Kimber has worked from home, on and off, for decades. He also travels a lot with the job. But when in the office, he sits within three feet of the CEO and the COO, constantly talking between themselves.
“Now, the physical separation is very interesting and has been entirely underestimated,” he says. “At the start of lockdown, I was on my own personal journey, trying to get used to it, as well as everybody else.”
The difference for Kimber was that, in a leadership role, he had to constantly think about his team.
“What they were thinking, how they were beginning to operate and what they needed, and going through the same thing at the same time,” he says.
Very early on in lockdown, Kimber adopted a weekly WebEx meeting with his sizeable team.
“I operated on a brutal truth principle,” he says. “I talked a lot about what I was going through and some of the impact Covid-19 had on my working day. I was just very honest about what was going on in my head and what we were trying to do as a company to make it a little easier.”
This brutal truth approach worked, with team members feeling able to speak up. It’s something to be retained going forward.

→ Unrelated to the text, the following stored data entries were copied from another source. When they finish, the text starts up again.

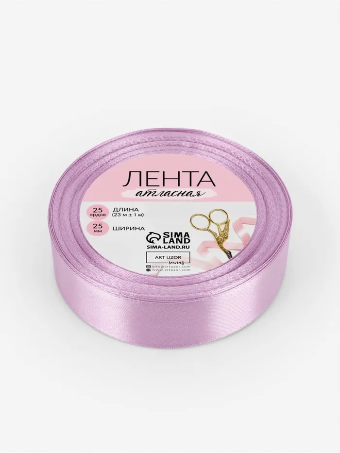 Лента атласная, 25 мм, 23±1 м, лавандовая №141 — Характеристики
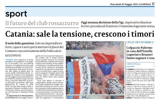 L'edizione odierna de "La Sicilia" si sofferma sul Catania e l'attesa di un titolo sportivo da parte della Figc. Lo...
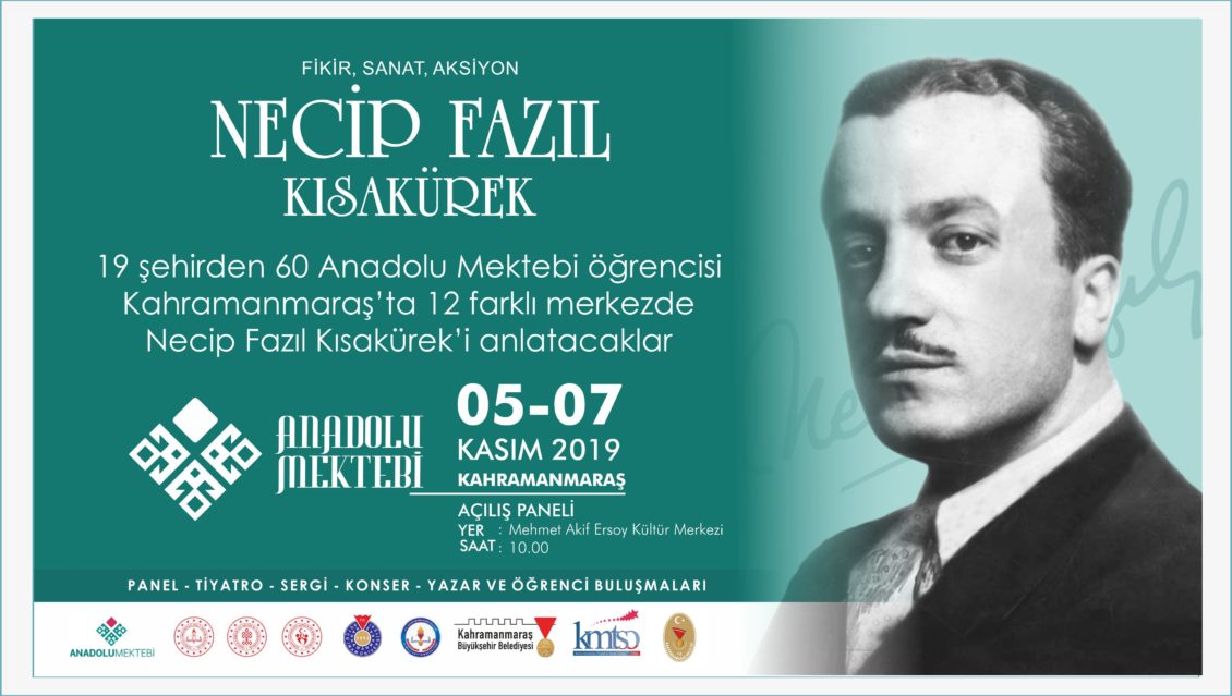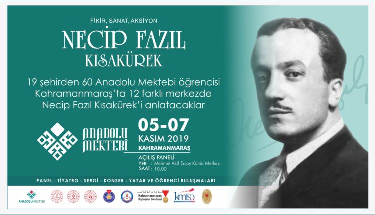 Kahramanmaraş Büyükşehir Belediyesi ve Anadolu Mektebi işbirliği ile 5-7 Kasım tarihleri arasında 19 şehirden 60 Anadolu Mektebi öğrencisi şehirde Necip Fazıl Kısakürek’i anlatacak. 12 farklı merkezde gerçekleştirilecek etkinliklerle ilgili Büyükşehir Belediyesi’nden yapılan açıklamada, “Programın açılış paneli 5 Kasım Salı günü saat 10.00’da Mehmet Akif Ersoy Kültür Merkezi’nde yapılacak. Panel, tiyatro, sergi, konser, yazar ve öğrenci buluşmalarını kapsayan etkinliklere tüm hemşerilerimiz davetlidir” denildi.
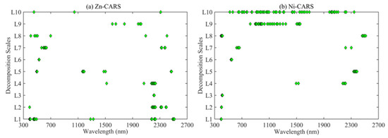 The position of feature bands for Zn and Ni based on the CARS algorithm.
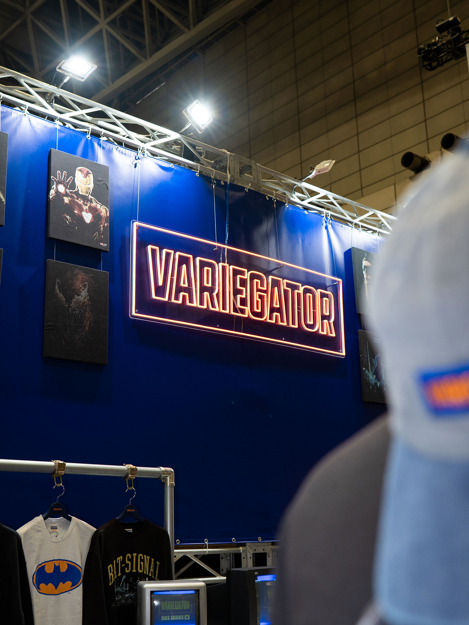 古き良きレンタルビデオ店をコンセプトにしたアパレルブランドVARIEGATORが東京コミコンに初出店。素材の質感やパッケージなどディテールにこだわっており、ファッショナブルにキャラものを身につけたい欲を満たしてくれるブランドでした。なお、MARVEL/STAR WARS POPUPにも、特別にコーナーが設けられていました!
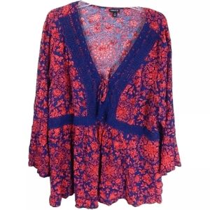 Torrid Crochet Trim Babydoll Gauze Floral Top

Kimber sees this as an extension to Aon’s work on improving mental health provision within the workplace, including a range of skills and services and a mental health coordinator on his team.
Improving culture and personnel operations is one of the most important lessons this leader has learned over the pandemic – and he encourages others to do the same.
“We now have a once-in-a-lifetime opportunity to create a new normal,” he says. “We have been talking about it for a long period of time – about how to capture that moment for the organisation, our colleagues and for our clients. Now we can do it. We can build our working culture back better, so it works for everyone.”